AFAICT, board_init_f_mem does *not* "do something like alloca()", it does something that alloca() precisely does *not* do.
What alloca() does is, it creates a local variable on the stack, only the size of that local is determined at run time; but that is still a *local* variable, that will be freed like all locals when the current function returns. The location of the alloca reservation is determined by the compiler, which knows how which way the stack works and how much of it is being used by the calling function already; and the resulting pointer cannot be accessed beyond the size that was allocated.

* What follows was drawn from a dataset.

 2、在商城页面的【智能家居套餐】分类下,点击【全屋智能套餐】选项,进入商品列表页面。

What board_init_f_mem does is *completely* different: it wild-guesses how much of the stack it is using, it assumes which way the stack grows, and it purposefully accesses space that it was not given access to, and it expects that allocation to survive upon returning to the calling context.

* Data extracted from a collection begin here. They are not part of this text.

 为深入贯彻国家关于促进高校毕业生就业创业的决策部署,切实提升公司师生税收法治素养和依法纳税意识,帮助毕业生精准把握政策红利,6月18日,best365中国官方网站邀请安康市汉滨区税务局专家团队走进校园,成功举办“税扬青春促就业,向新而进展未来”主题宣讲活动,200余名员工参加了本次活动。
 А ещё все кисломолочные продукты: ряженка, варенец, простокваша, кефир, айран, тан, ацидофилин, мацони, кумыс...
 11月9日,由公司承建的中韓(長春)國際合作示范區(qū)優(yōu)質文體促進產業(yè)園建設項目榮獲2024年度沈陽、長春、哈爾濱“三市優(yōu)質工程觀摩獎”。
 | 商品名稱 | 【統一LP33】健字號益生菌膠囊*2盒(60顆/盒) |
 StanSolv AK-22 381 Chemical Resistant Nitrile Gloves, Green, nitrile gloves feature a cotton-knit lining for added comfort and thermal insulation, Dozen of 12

Now, if you look at alloca's definition in glibc, you'll see it is defined to be a gcc built-in, not a C function. There is a reason for this: stack allocation within a C function requires the compiler's help, because the compiler must be made aware of the alloca use in order to properly free the alloca()ed space on every exit point in the function. Only a built-in can get that level of compiler support.
board_init_f_mem's case is worse yet, as, contrary to alloca() which only expects /local/ effects, board_init_f_mem expects the allocated space to survive the return to the calling context. Doing this would require *more* compiler help than alloca does, because it is not more a matter of managing the stack pointer; it is a matter of moving things around so that the allocated space ends up *above* the call frame for board_init_f.
It does not actually change the stack pointer in C code.
Non, it does not indeed; it could not, in fact, do this at all without resorting to the same technique that is resorted to for implementing alloca(), that is, it would have to be a built-in of gcc, as alloca() is -- and, as I have just explained, it would require extensive help from the compiler, as all compiler-generated epilog code would have to account for that potential allocation.
It changes data that is below the stack pointer, and therefore by definition not part of the stack, I think.
It changes data that it /assumes/ is below the stack pointer and that it /assumes/ it can write to; but these two assumptions are unfounded, see below.
What actually goes wrong here? I read your info in the other thread but I'm afraid I still don't understand it.
At least three things are formally wrong here with board_init_f_mem:
- it assumes the stack grows downward.
- it assumes it never uses more than 0x40 bytes of the stack.
- it assumes it can write to the stack beyond what it was allocated for local variables, temporaries and arguments.
Each of these assumptions is unfounded in code which is supposed to be architecture-agnostic. Not all stacks grow downward. There is no way to ensure that only 0x40 bytes are used by board_init_f_mem. There is no guarantee that a C function can write to its own stack beyond what it was allocated -- in fact, there is no guarantee that a C function can write to its stack anywhere else than its declared or alloca()ed locals. Such writes are undefined behavior.
These assumptions are just as bad as assuming any pointer-to-long value is valid when we could ensure it is; and we would fix such a situation, would we not?
Same here. This patch ensures that the code in board_init_f_mem becomes compliant with C runtime environment constraints. This requires splitting the C code in two functions so that the first one does not access its stack (except the allowed accesses generated by the compiler) and the second accesses an area which is in fact not the stack any more, thus is safe to access.